Dans le même temps, le souci de clarifier les relations entre les dirigeants d’entreprise et les
actionnaires a débouché sur le développement du « gouvernement d’entreprise.
La comptabilité a joué un rôle déterminant dans le développement de la société moderne. Elle
reste aujourd’hui un des moyens formels les plus importants pour collecter, analyser et diffuser
l’information concernant les activités financières et la performance de toutes les formes
d’organisation.
Rares sont Les réflexions contingentes et sociales3 qui montrent la comptabilité comme
instrument d’organisation sociale.
Dans ce cas, la comptabilité peut être vue comme le reflet de la société dans laquelle il s’insère et
comme un instrument de structuration de cette même réalité sociale.
La comptabilité n’est pas donc uniquement un jeu de comptes ou un simple respect du principe
de la partie double « total débit = total crédit », mais fondamentalement un « jeu social »
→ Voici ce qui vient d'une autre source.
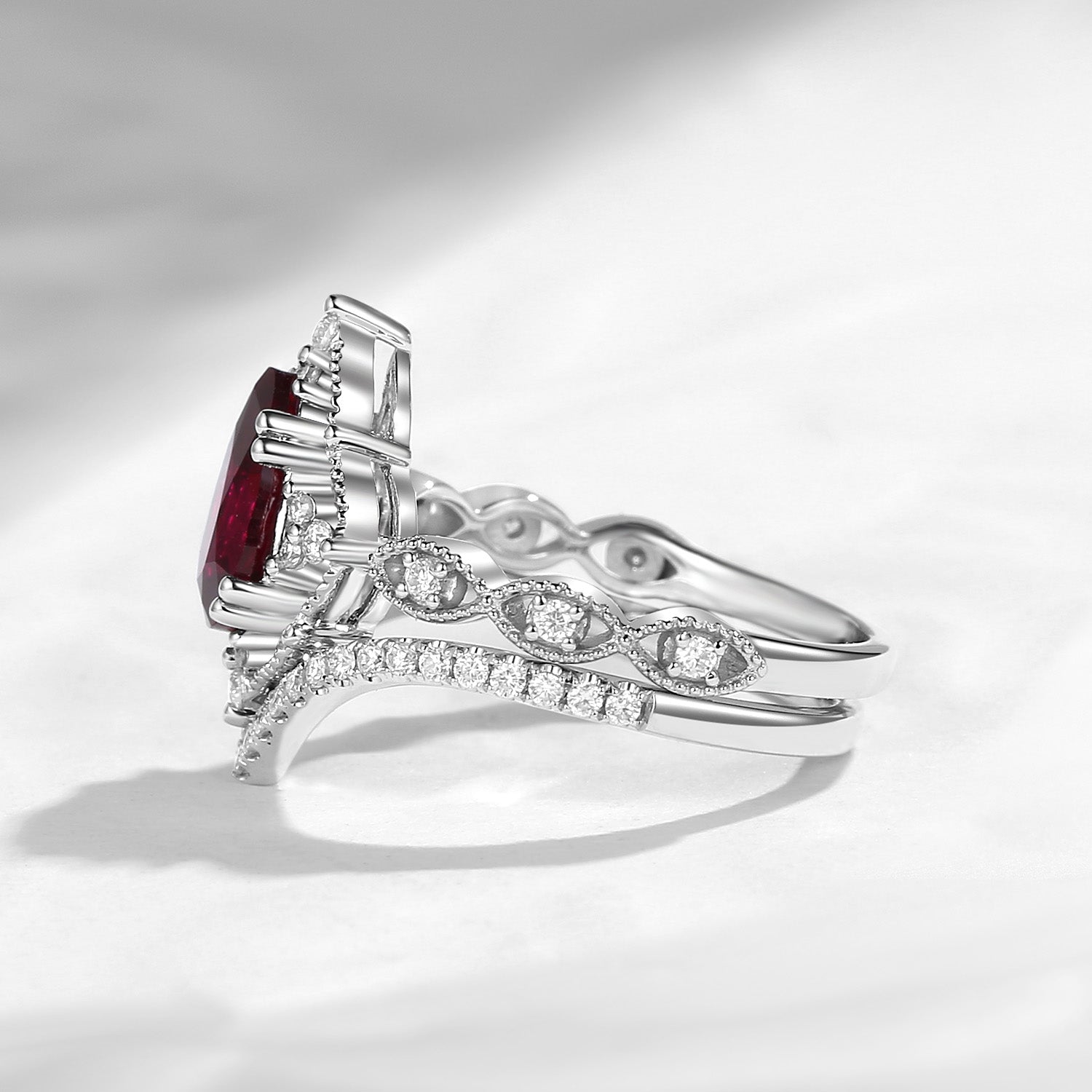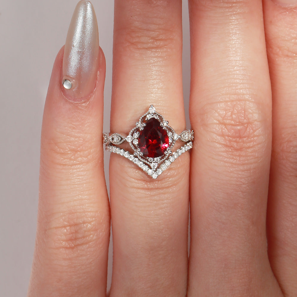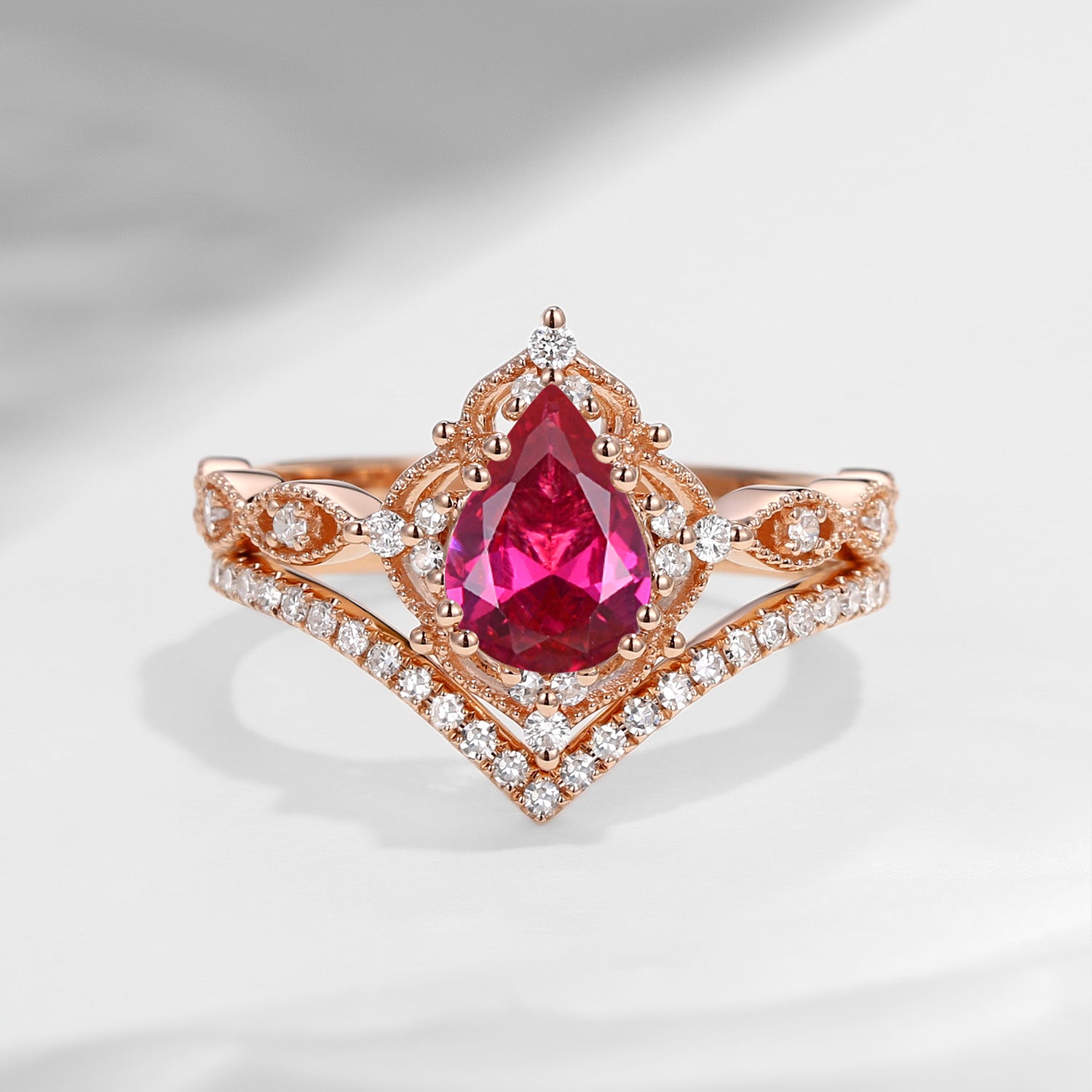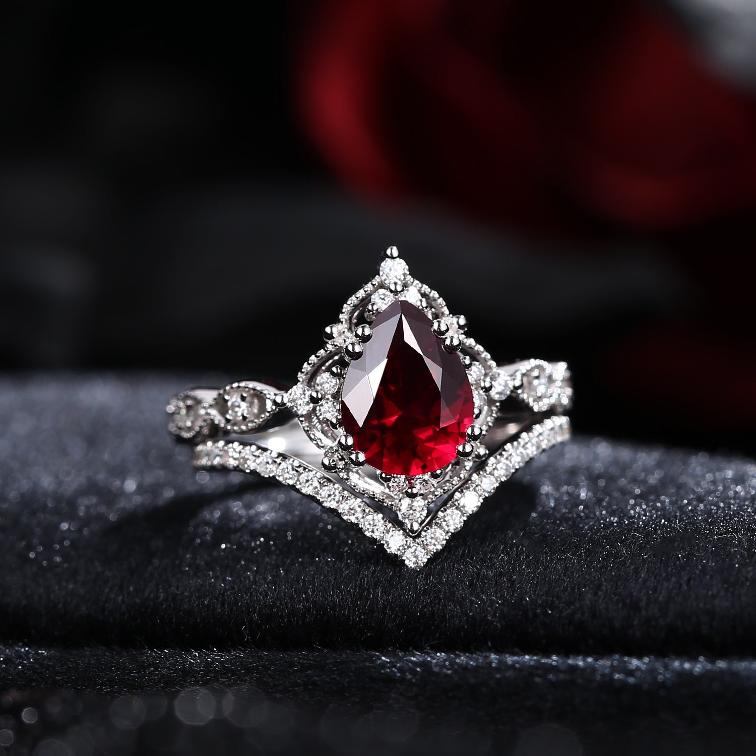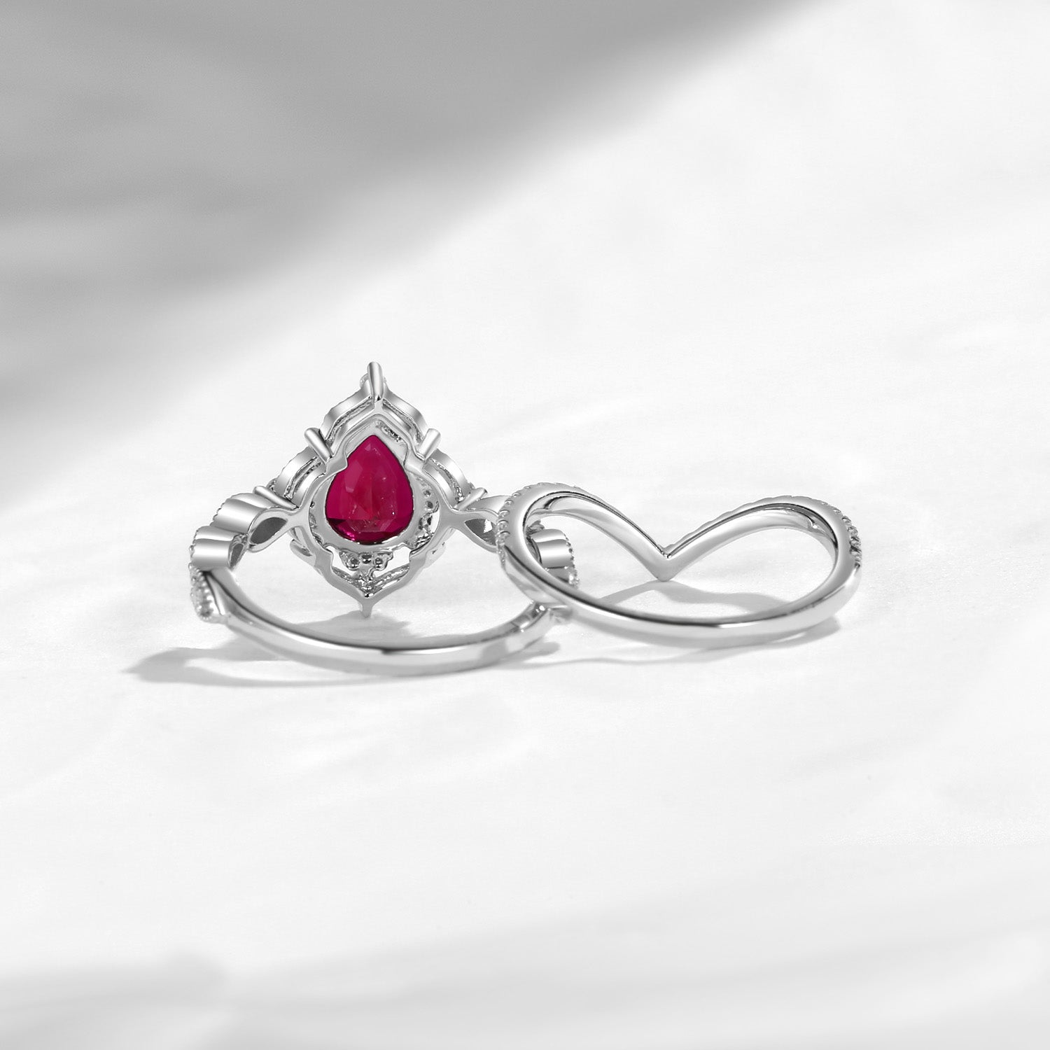 1.5ct Pear Shaped Lab Ruby Engagement Ring Set 2pcs - Evelyn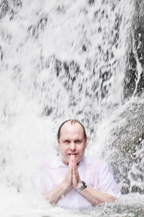 After watching everyone else have fun in the water, I begged and pleaded for Mary to join me in the negative ion stream. Somehow, after only a few minutes, she relented. Brenna took the shot with my D300 and 70-200 mm telephoto, which is a real bugger if you’re not used to it. The thing weighs a ton, but she made a very nice photo despite the numerous challenges in front of her.

(PESQUEUX 2010).Elle peut toucher notre vie, sur le plan social, économique et politique.
L’information comptable intéresse et implique presque toutes les composantes de la société :
(Les dirigeants, les actionnaires, les concurrents, les banquiers, les salariés, l’Etat, les
collectivités locales, etc….).
L’information comptable, qui obéit à des principes, lois et normes qui sont définis par les
autorités compétentes, passe par plusieurs phases avant d’arriver à ses destinataires cités ci-haut.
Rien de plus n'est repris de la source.